Data below: Begin
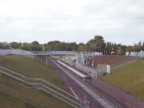 The original Eskbank and Dalkeith railway station was previously closed (along with the Waverley Route) in 1969. The new construction work was undertaken by BAM Nuttall. The new station, further south than the original, opened on 6 September 2015.[2]
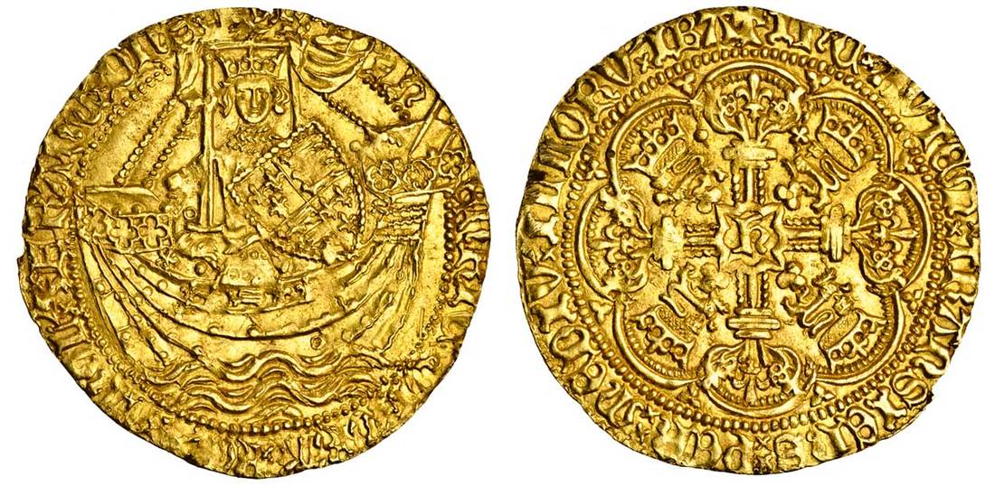 (x) Henry V (1413-1422), Noble, 6.95g, type E, London, henric di gra rex angl z franc dns hyb, king standing facing in ship, holding sword and shield, pellet at sword point, mullet and annulet by sword arm, trefoil by shield, annulet on ship, rev. + ihc avtem transiens per mediv illorv iba, floriate cross, h in centre, extra pellet in one quarter and saltire in another (cf. Schneider 251; N.1373; S.1744), about extremely fine with good portrait
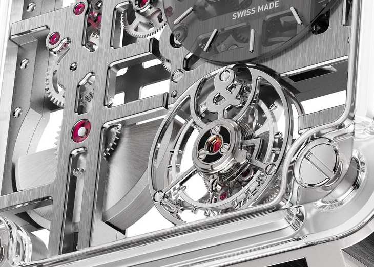 A estrutura quadrada ecoa a caixa, criando uma continuidade visual entre o recipiente e o conteúdo. Os 26 rubis, pedras tradicionais da relojoaria, acentuam essa geometria com seu profundo brilho vermelho. "A leitura das horas é reduzida à sua expressão mais simples. O movimento também, despojado de excessos, respeitando a grade", resume Bruno Belamich. De fato, apenas são mostradas as horas e os minutos, deslocados para as 2 horas. Esta simplificação deliberada liberta espaço para a mecânica, estabelecendo uma nova hierarquia em que o tempo é secundário. Os acabamentos refletem a excelência artesanal: pontes escovadas com reflexos lineares, bordas polidas que definem os contornos com precisão cirúrgica. Cada superfície e cada ângulo contribuem para a beleza geral. É a expressão do minimalismo relojoeiro, onde a beleza surge do vazio e a pureza do gesto mecânico se torna o único adorno.
Data below: End
A verbatim copy of the listing, with all pictures removed, is required.

Response area:
 The original Eskbank and Dalkeith railway station was previously closed (along with the Waverley Route) in 1969. The new construction work was undertaken by BAM Nuttall. The new station, further south than the original, opened on 6 September 2015.[2]
 (x) Henry V (1413-1422), Noble, 6.95g, type E, London, henric di gra rex angl z franc dns hyb, king standing facing in ship, holding sword and shield, pellet at sword point, mullet and annulet by sword arm, trefoil by shield, annulet on ship, rev. + ihc avtem transiens per mediv illorv iba, floriate cross, h in centre, extra pellet in one quarter and saltire in another (cf. Schneider 251; N.1373; S.1744), about extremely fine with good portrait
 A estrutura quadrada ecoa a caixa, criando uma continuidade visual entre o recipiente e o conteúdo. Os 26 rubis, pedras tradicionais da relojoaria, acentuam essa geometria com seu profundo brilho vermelho. "A leitura das horas é reduzida à sua expressão mais simples. O movimento também, despojado de excessos, respeitando a grade", resume Bruno Belamich. De fato, apenas são mostradas as horas e os minutos, deslocados para as 2 horas. Esta simplificação deliberada liberta espaço para a mecânica, estabelecendo uma nova hierarquia em que o tempo é secundário. Os acabamentos refletem a excelência artesanal: pontes escovadas com reflexos lineares, bordas polidas que definem os contornos com precisão cirúrgica. Cada superfície e cada ângulo contribuem para a beleza geral. É a expressão do minimalismo relojoeiro, onde a beleza surge do vazio e a pureza do gesto mecânico se torna o único adorno.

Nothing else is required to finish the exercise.